La parábola, nos lleva a reflexionar sobre las humillaciones que tuvo que aceptar el hijo menor, sin quererlas, pero que le llevaron a descubrir en su interior la realidad del amor, la experiencia que había vivido cuando estaba cerca de su padre y la necesidad de regresar donde él. Mientras estuvo en su casa estuvo amado y sostenido por su padre, pero cuando, lleno de orgullo y de dinero, determinó vivir su propia vida y se alejó de su padre, su vida se fue desmoronando poco a poco. Despilfarrada su herencia, ya no tuvo medios para poder conseguir el sustento y así tuvo que aceptar una cantidad de humillaciones para conseguirlo, sin poder lograrlo. La carestía y la necesidad eran tan grandes que este pobre muchacho quiso alimentarse de lo que comen los cerdos.
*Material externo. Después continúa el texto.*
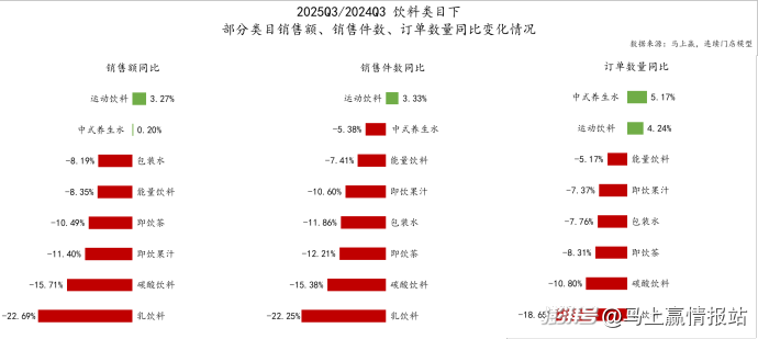 除此以外,傳統(tǒng)主流類目則是普遍呈現(xiàn)“三降”。即飲茶、即飲果汁、碳酸飲料、乳飲料等均在銷售額、件數(shù)、訂單數(shù)上全面下滑,其中乳飲料降幅最大(銷售額–22.7%),或與去年的回調(diào)相關(guān);即飲茶(包括有糖&無糖即飲茶)也延續(xù)了此前整體的調(diào)整趨勢,無糖茶增速也在進(jìn)一步放緩,類目的銷售額、銷售件數(shù)、訂單數(shù)量均同比下跌約8%~12%。包裝水、即飲果汁、能量飲料三個類目的銷售額同比下滑幅度均>訂單數(shù)量同比下滑幅度,或可說明幾個類目依然存在一定的價格壓力。
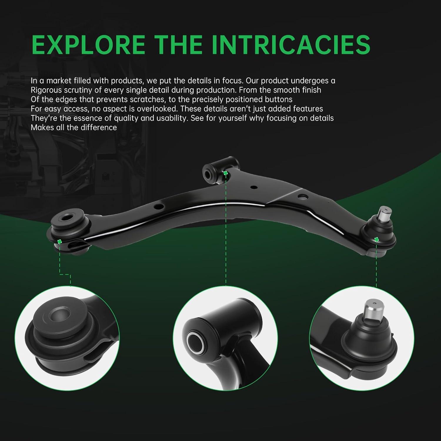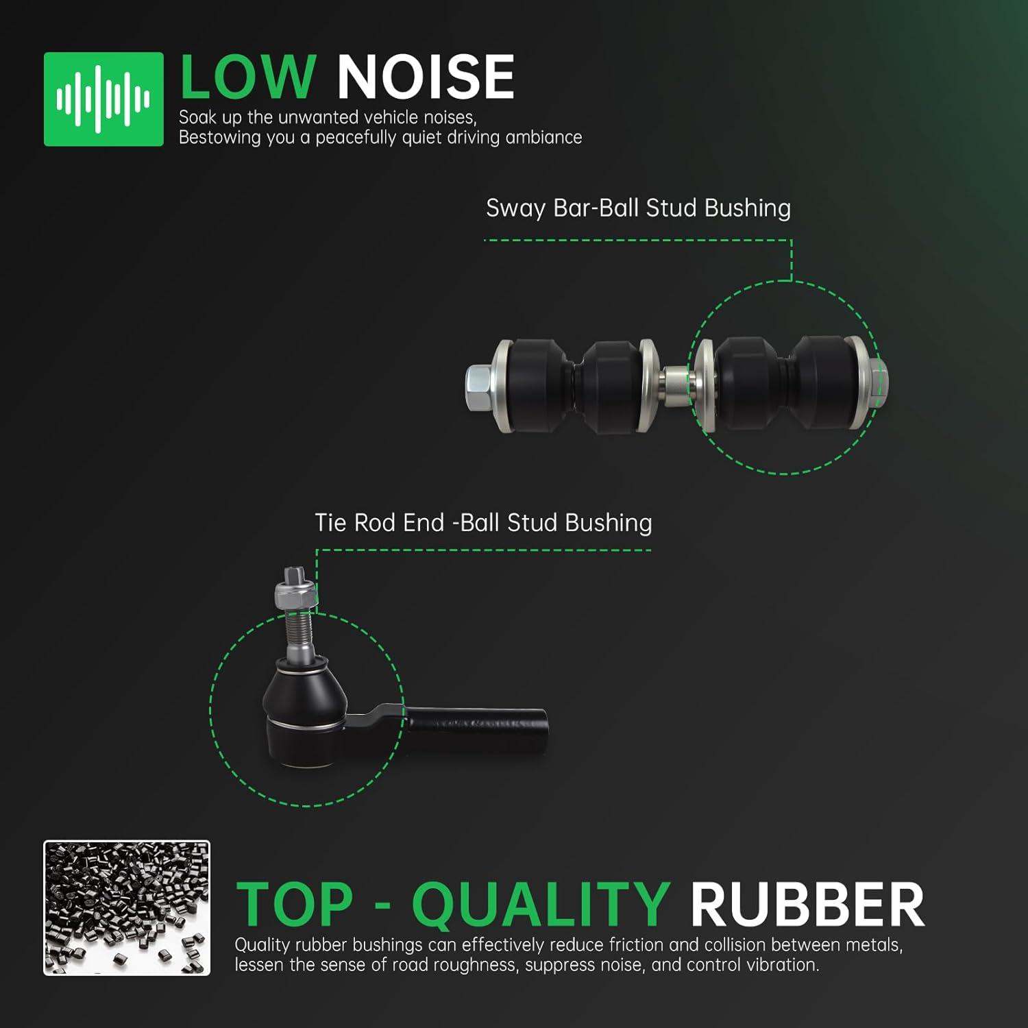 【Suspension Kit Include】 2 x Front Lower Control Arm – ( K641333 + K641334 ) Driver & Passenger Side, 2 x Front Lower Ball Joints – K500120, 2 x Front Outer Tie Rod End Links – ES800408, 2 x Front Inner Tie Rod End Links – EV800611, 2 x Front Stabilizer Sway Bar End Links – K750382, 2 x Rack and Pinion Boots

El hombre quiere ser dueño del mundo

La parábola nos muestra aquí lo paradójico que es el pecado. Adán soñó con ser como el Dios que le había creado y terminó también hambriento, tan semejante a los cerdos queriendo comer lo mismo que ellos. Eva tomó del fruto del árbol, destruyendo los dones que había recibido; así también, el hijo menor tomó la parte de la herencia que le correspondía, y descendió tanto que ahora quiere tener cerca a alguien que le dé al menos las algarrobas que comen los cerdos. Adán, Eva, el hijo menor y quienes se entregan a los ídolos son transformados como ellos. El ídolo vuelve semejantes a quienes lo adoran. El hijo menor se dejó seducir por el orgullo, la avaricia y la independencia y estos ídolos lo humillaron, destruyéndolo y llevándolo hasta los cerdos. Allí logró descubrir su realidad y sentir su gran humillación.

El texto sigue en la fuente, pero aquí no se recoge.